The purpose of the project was to develop principles used by TSC and the supply chain to evaluate seafood sustainability programs. “Program” refers to a wide range of sustainability efforts including rating systems, certification schemes, or assessment tools.
Sustainable Seafood Program Principles
1. Conflict of Interest
A program must have a publicly declared owner and have been developed by a third-party organization external to the financial relationship between the buyer and seller of all product covered by the program.
2. Transparency Into Methods
The methodology and metrics must be transparent and publicly available for review. This includes, for example, the methods development process, the assurance and scoring methodology, and the monitoring and evaluation methods for the program.
3. Effectiveness of Methods/Process
The methodology for the program must be scientifically-based, meaning that the methods are repeatable, adaptable to regional conditions, designed to evolve in response to emerging data, outcome oriented, and build on the most up-to-date science. Objective data, whether collected for the program requirements or to confirm compliance, must be available for analysis in order to demonstrate proven effectiveness and consistency of application over time.
4. Multi-stakeholder Input Into Methods
The methodology and processes used by the program must include a multi-stakeholder process that is publicly available for review and allows for diverse stakeholder input throughout program development and implementation. Efforts to include representatives from civil society, government, industry, and academia should be demonstrated.
5. Transparent and Multi-stakeholder Governance
The program must have a governing body made up of diverse stakeholders and have a transparent and consensus-oriented system of rules, procedures, and management for carrying out the program that is publicly available for review. Efforts to include representatives from civil society, government, industry, and academia should be demonstrated.
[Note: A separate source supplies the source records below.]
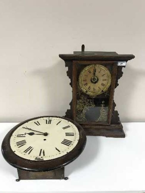 An early 20th century oak school clock and a pine cased American Seth Thomas mantel clock
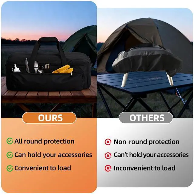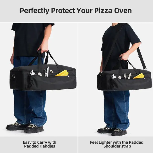 INSIDE AND OUTSIDE POCKETS FOR ACCESSORIES- Different from the cover for ooni koda pizza oven, our outdoor carry bag for ooni 16 can hold more pizza accessories! The pizza oven bag features a pocket at the front to hold tableware, gloves, and other accessories. And one large capacity pocket for pizza peel. Take the accessories you need together!
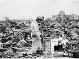 El documento compara los efectos a largo plazo de la bomba atómica lanzada en Hiroshima con los efectos de los políticos, sugiriendo que los políticos pueden causar una destrucción mayor a largo plazo.
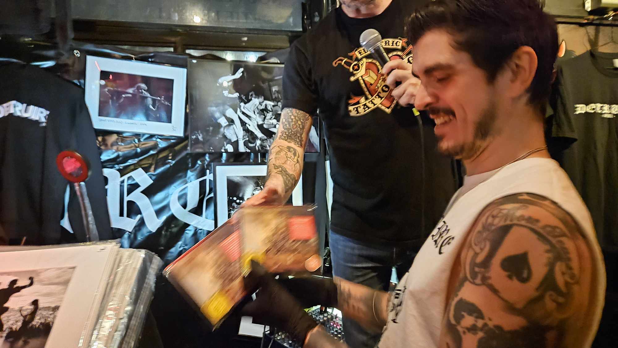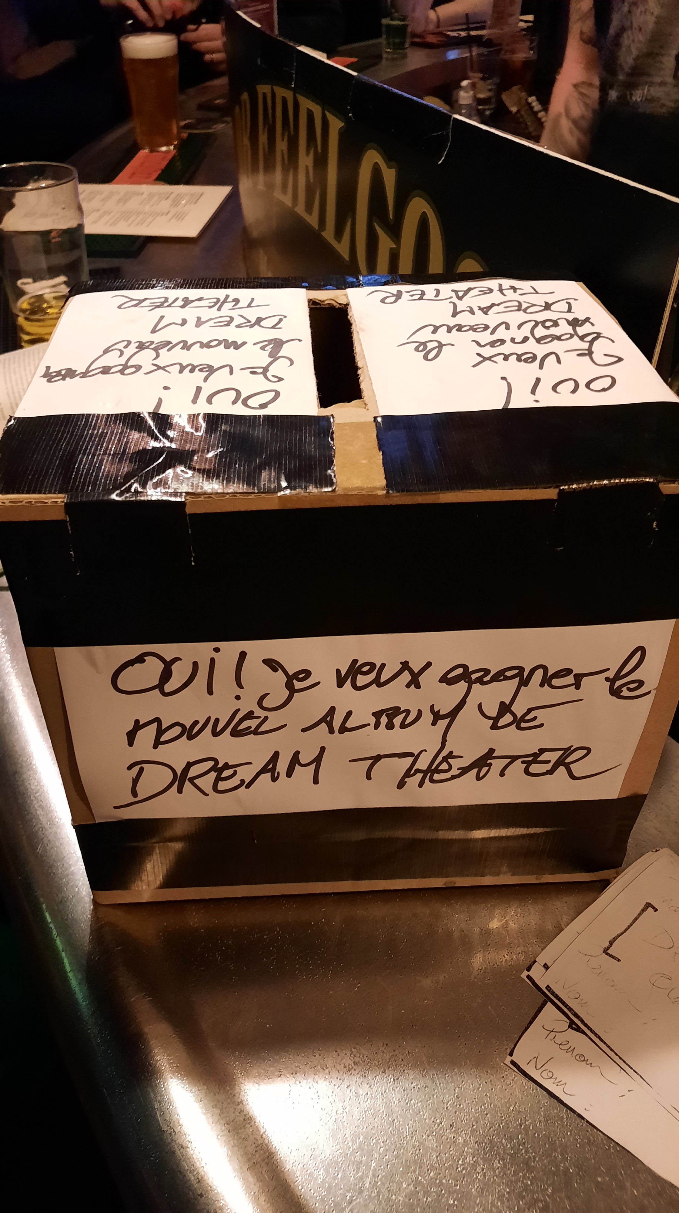 Petite nouveauté par rapport aux Release Party Précédentes, il faut remplir un bulletin et le glisser dans une urne pour gagner un des cadeaux offerts par Sony Music France et le Dr Feelgood. Seuls les fans qui sont réellement intéressés par le tirage au sort sont récompensés et non l’ensemble des clients du bar qui se voyaient remettre un ticket pour chaque consommation comme c’était le cas pour les précédentes éditions.
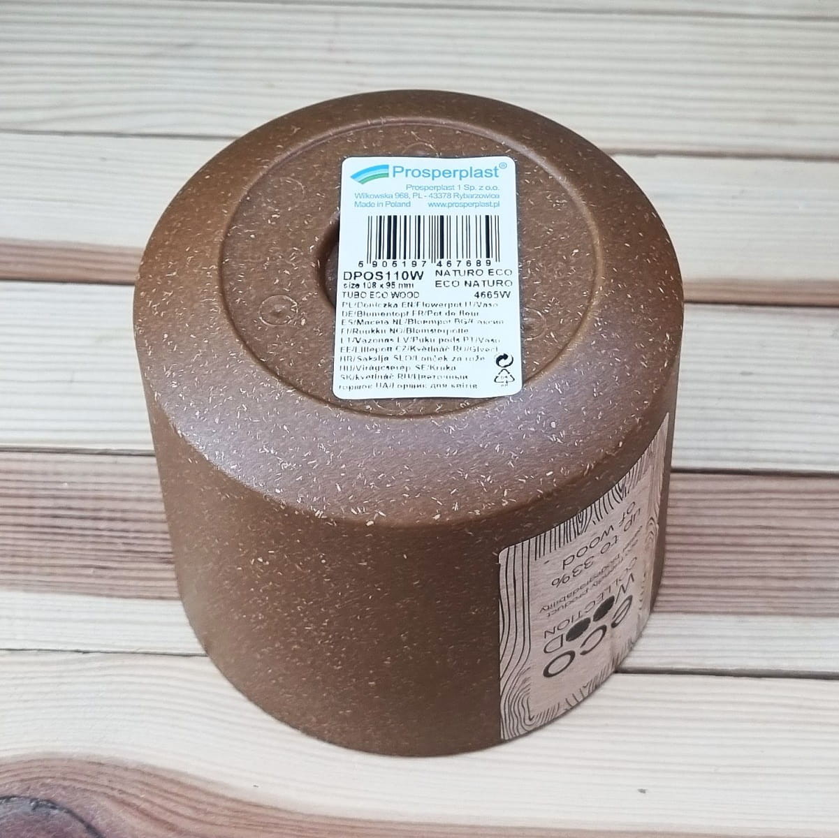 Doniczka TUBO ECO WOOD 0,7L 11cm BRĄZ NATURO - osłonka plastikowo-drewniana
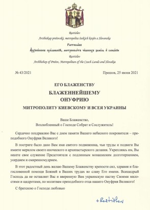 The Primate of the Orthodox Church of the Czech Lands and Slovakia, His Beatitude Metropolitan Rostislav, congratulated His Beatitude Metropolitan Onuphry on the Day of Heavenly Patron Saint Onuphrius the Great and wished the Primate of the UOC health and God's help in serving for the good of the Church, reports vzcz.church.ua.
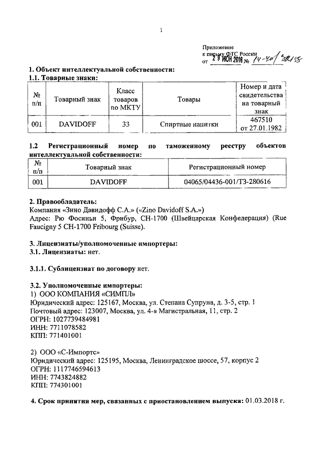 "О ТОВАРНОМ ЗНАКЕ "DAVIDOFF"
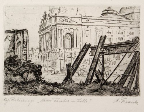 232   Alfred Frank "Neues Theater in Lille" / "Rue de Paris" / "Deutsches Theater u. H. Bahnhof". Um 1916.
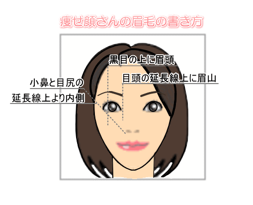 “痩せ顔”さんの眉毛の書き方をご紹介します。眉頭は、基本と同じように、目頭の延長線上になります。眉山は黒目の上になるようにして下さい。眉尻は、小鼻と目尻の延...
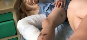 事发后第二天豆豆腿部受伤情况
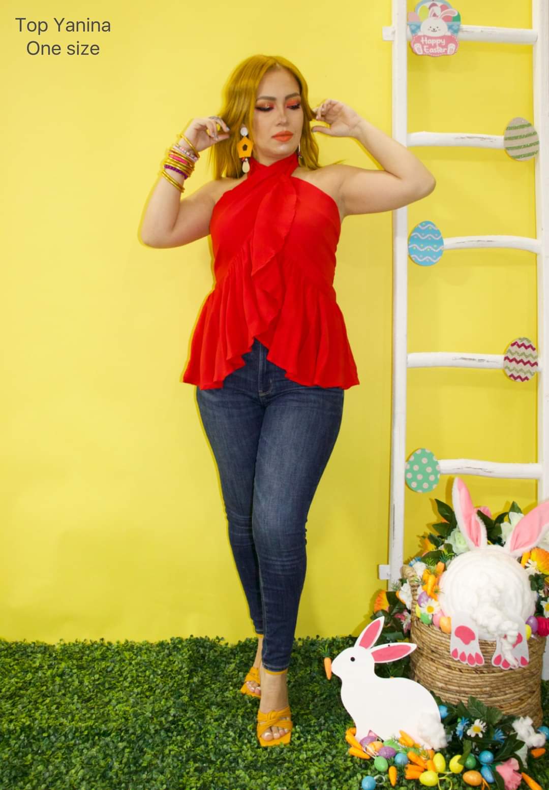 Style: sleeveless--tie around the neck-ruffle in the front.
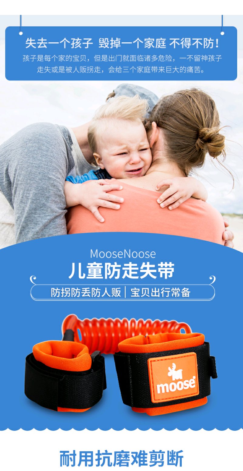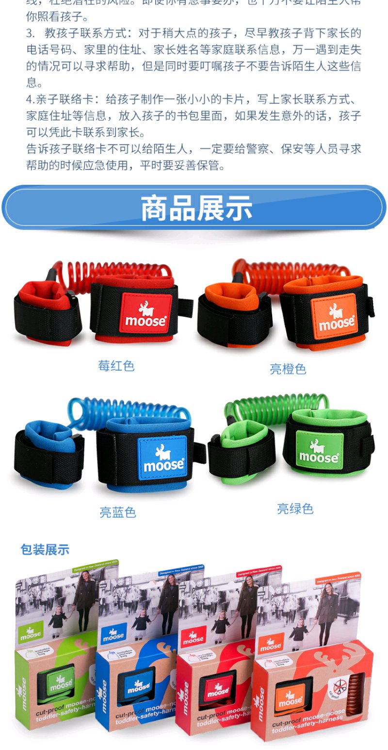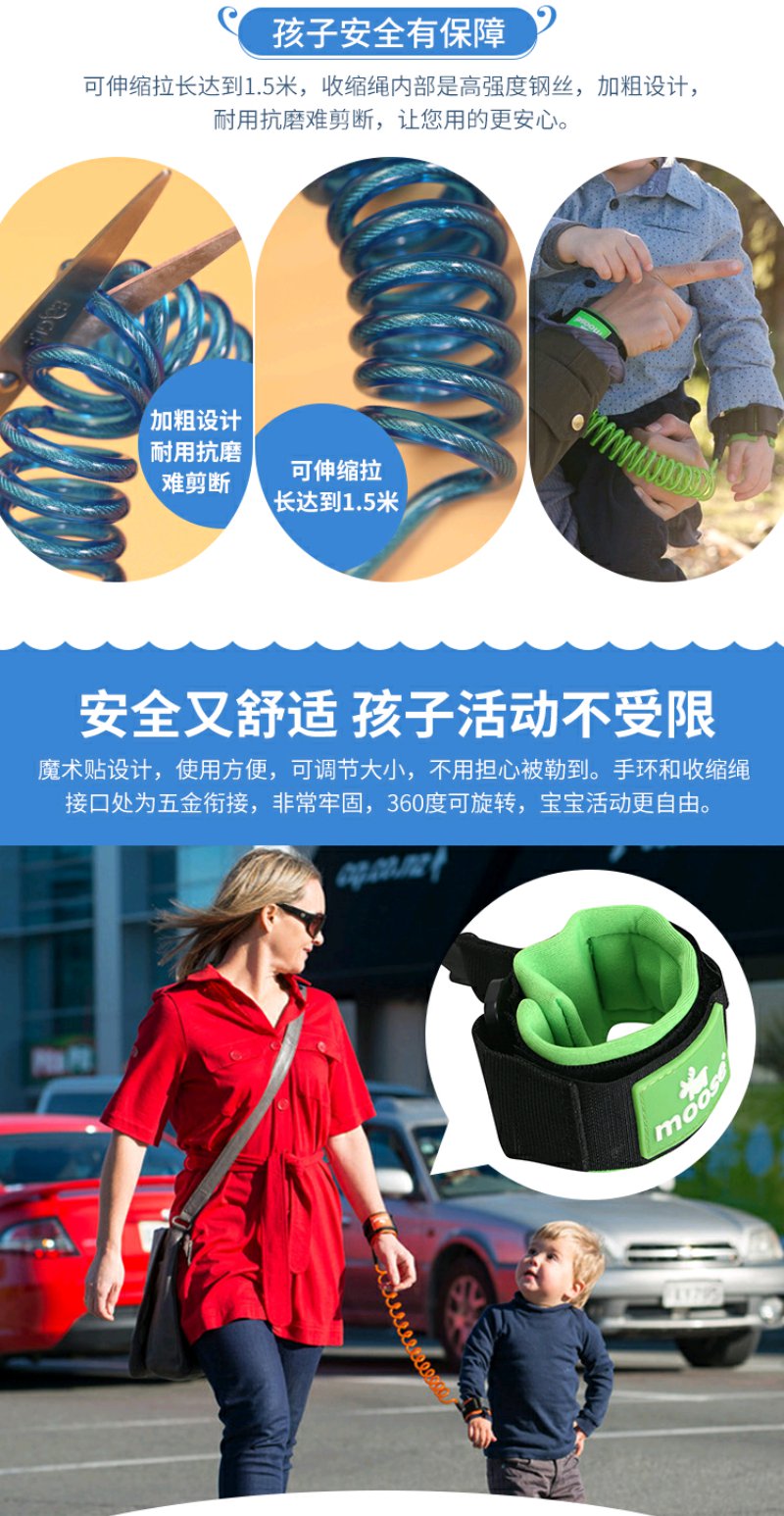 Moose防走失带牵引绳 宝宝儿童防丢失手环溜娃绳防走丢防丢绳安全FZ-MOS-38081/FZ-MOS-38074/FZ-MOS-38050/FZ-MOS-38067
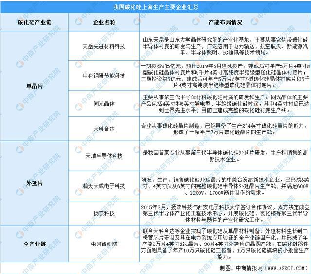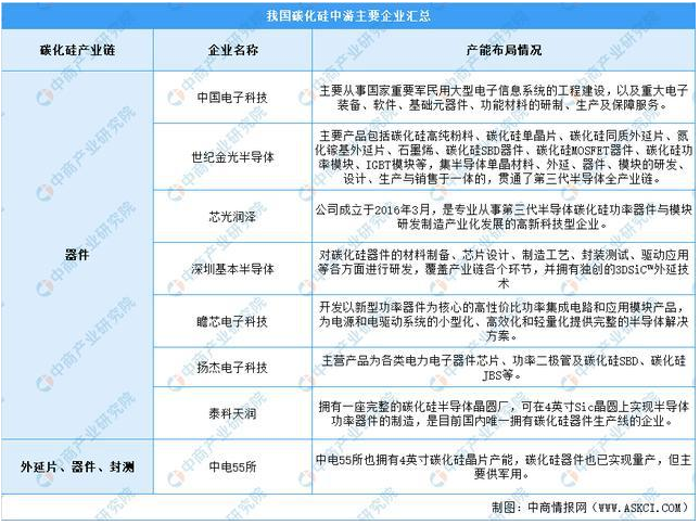 近年來國內(nèi)已初步建立起相對完整的碳化硅產(chǎn)業(yè)鏈體系,包括有IDM廠商中車時代電氣、世紀金光、泰科天潤、揚杰電子等,單晶襯底企業(yè)山東天岳、天科合達、同光晶體等,外延片企業(yè)天域半導(dǎo)體、瀚天天成等,部分廠商已取得階段性進展。
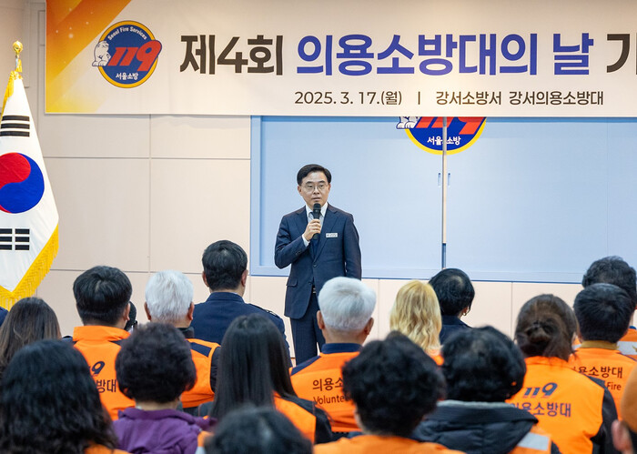 진교훈 서울 강서구청장이 지난 17일 강서소방서에서 열린 ‘제4회 의용소방대의 날 기념행사’에 참석했다. 사진은 진 구청장이 인사말을 하는 모습. (사진=강서구청 제공)
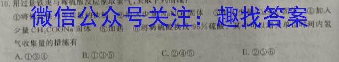 10.用过量铁块与稀硫酸反应制取氢气,采取下列措施:①将铁块换为等质量的铁粉②加人少量NaNO3固体③加人少量CuSO4固体④加人少量CH3COONa固体⑤加热⑥将稀硫酸换成98%硫酸,其中可以增大单位时间内氢气收集量的措施有A.①③④B.①③⑤C.②④⑤D.②⑤⑥
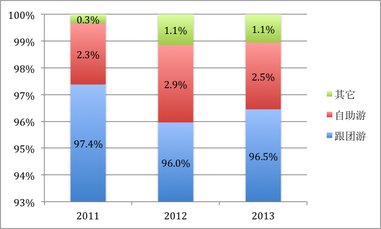 經(jīng)過數(shù)據(jù)的還原修正,按業(yè)內(nèi)通用的收入確認(rèn)方式,2013年?duì)I收將從19.62億降至2.01億元,2012年?duì)I收從11.20億元降至1.04億元,2010年?duì)I收從7.65億降至7400萬元。結(jié)構(gòu)如下,可以看到自助游在營收中已占可觀的份額且呈現(xiàn)持續(xù)增長態(tài)勢。
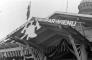 Latvijas ugunsdzēsēju lielā skate. Vienības laukumā tribīnes ar ugunsdzēsēju emblēmu un devīzi "Viens par visiem, visi par vienu".
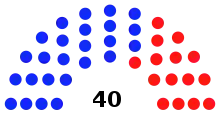 The Assembly has 80 members, two for each district. Membership of the General Assembly is as follows:[14][15]
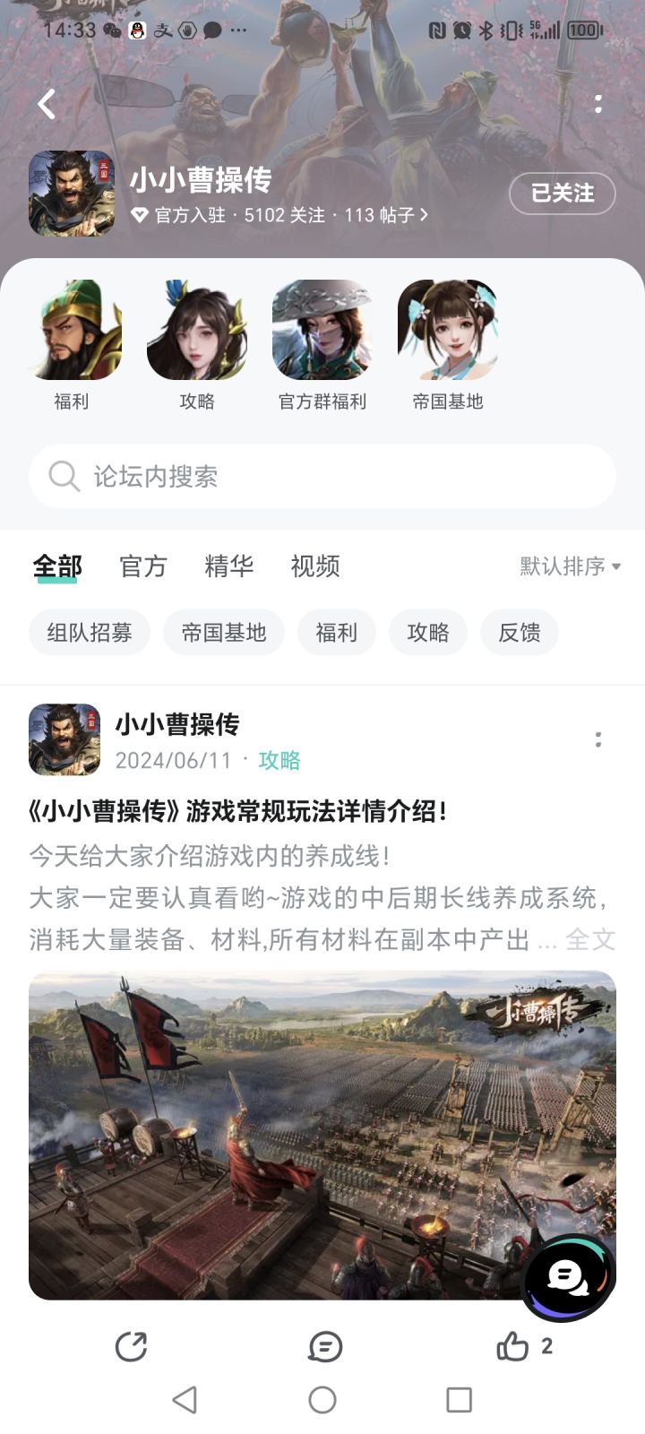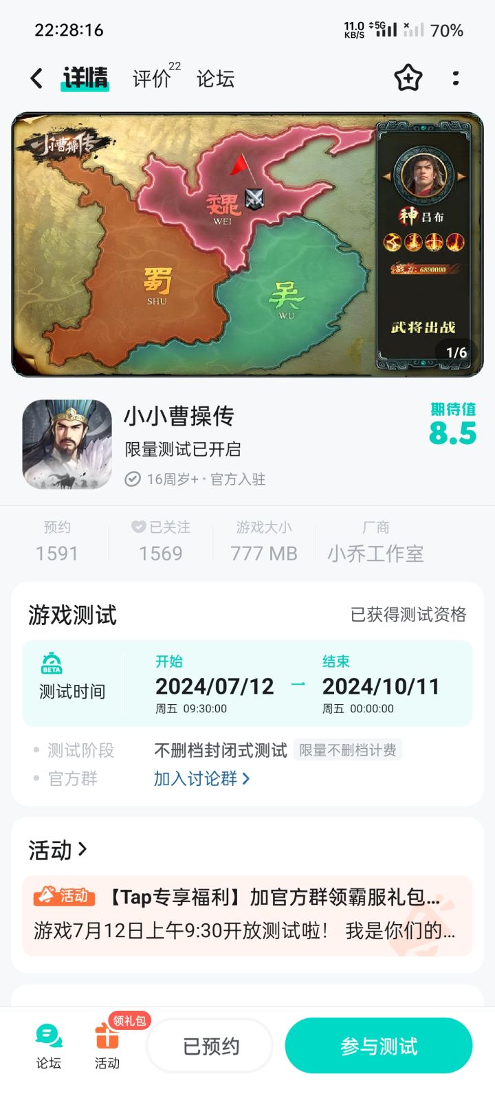 预祝《小小曹操传》公测开服大吉!玩家越来越多!热度持续不断!游戏内容越来越丰富完善,争取在同类型游戏中大放异彩!
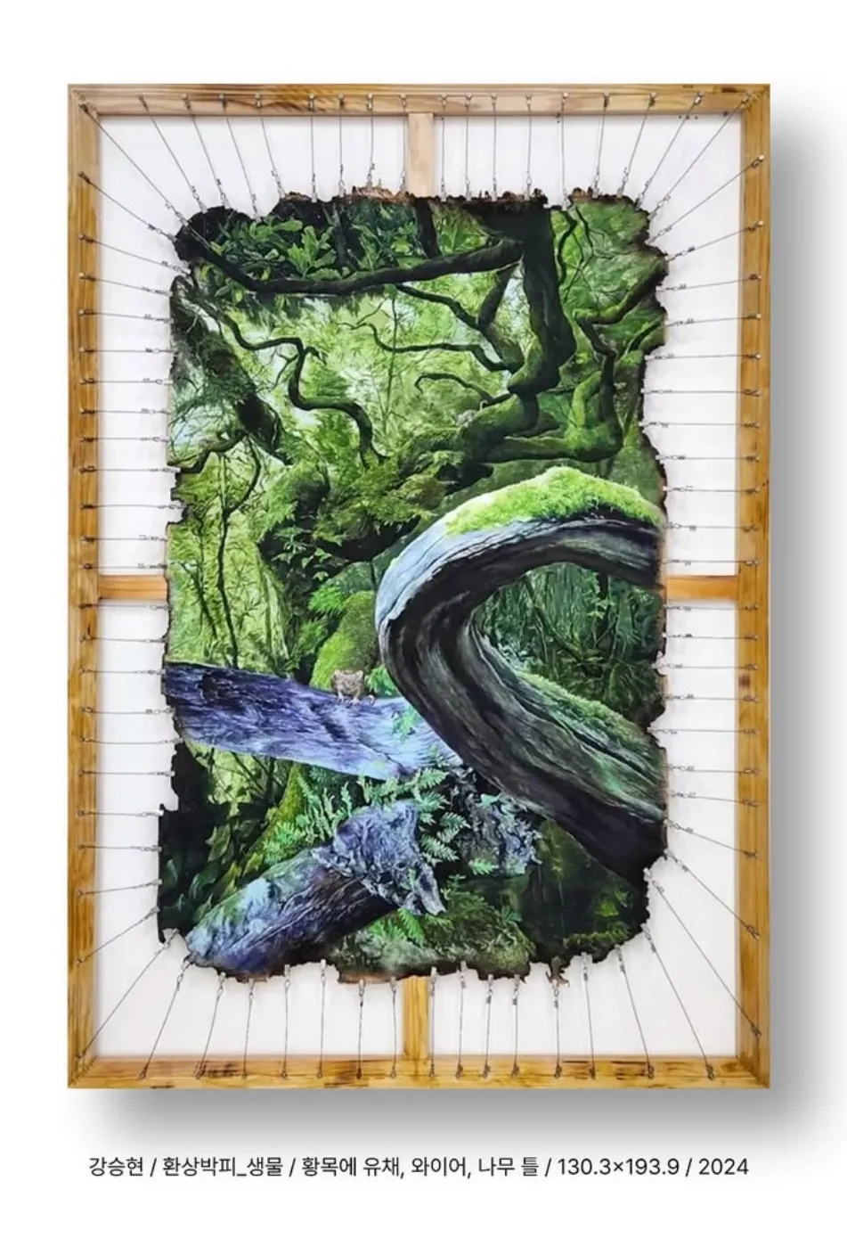 작업의 회화적 서사는 이미지의 틈에서 발생하는 감각적 흐름이며, 관람자가 그 틈을 메우며 스스로 생성하는 비언어적 상호작용에 가깝습니다. 익숙한 이미지가 박제된 세계에서 관람자는 자신의 기억과 신화, 경험을 호출해 이를 해석하고, 그 충돌 속에서 새로운 감각이 켜지는 순간이 바로 제가 말하는 ‘흐름’입니다. 작업 개념의 본질은 이미지가 가진 단단한 의미 구조를 잠시 느슨하게 만들어 관람자가 각자의 경험으로 해석을 확장할 수 있는 여백을 열어두는 것에 있습니다.
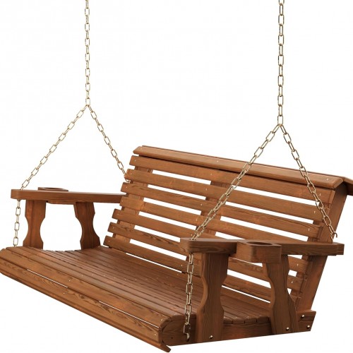 Amish Casual 5 Foot Roll Back Porch Swing with Cup Holders in Oak Stain – Amish Made in The USA from Treated Pine Heavy Duty 700 Lb. Weight Capacity
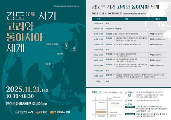 [메이저뉴스]인천광역시는 제27회 인천역사 학술회의 ‘강도 시기 고려와 동아시아 세계’를 오는 11월 21일 인천문화예술회관에서 개최한다고 밝혔다.
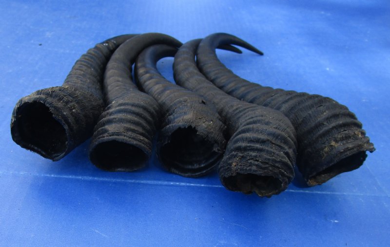 5 piece lot of authentic male springbok horns from wild African Springbok, measuring approximately 10 to 13 inches long, measured around the curve of the horn using a cloth tape measure, not straight up and down with a ruler.  Review all photos. Springbok horns are used in making furniture, cane handles and in numerous taxidermy crafts. These are real polished springbok horns and they will have natural imperfections from living in the wild and using their horns for fighting, such as tiny chips and small splits at the mouth opening, tiny cuts, scars, blemishes, etc.

6. Relevant to Key Sustainability Issues
The program must clearly communicate what it seeks to address and be relevant to a particular issue that has been identified as a key environmental or social impact within the life cycle of the relevant product category.
7. Periodic Review
The program must include a known frequency of periodic third-party review of the governance, decision-making processes, methodology, and metrics, which includes a publicly available process for inviting and responding to stakeholder comment, and if appropriate, making improvements.
8. Verify Progress Towards Addressing Impacts
The program must include monitoring and evaluation programs that use publicly available performance indicators that encourage improvements in practices and demonstrate and verify progress towards addressing the key environmental or social impacts it is seeking to address.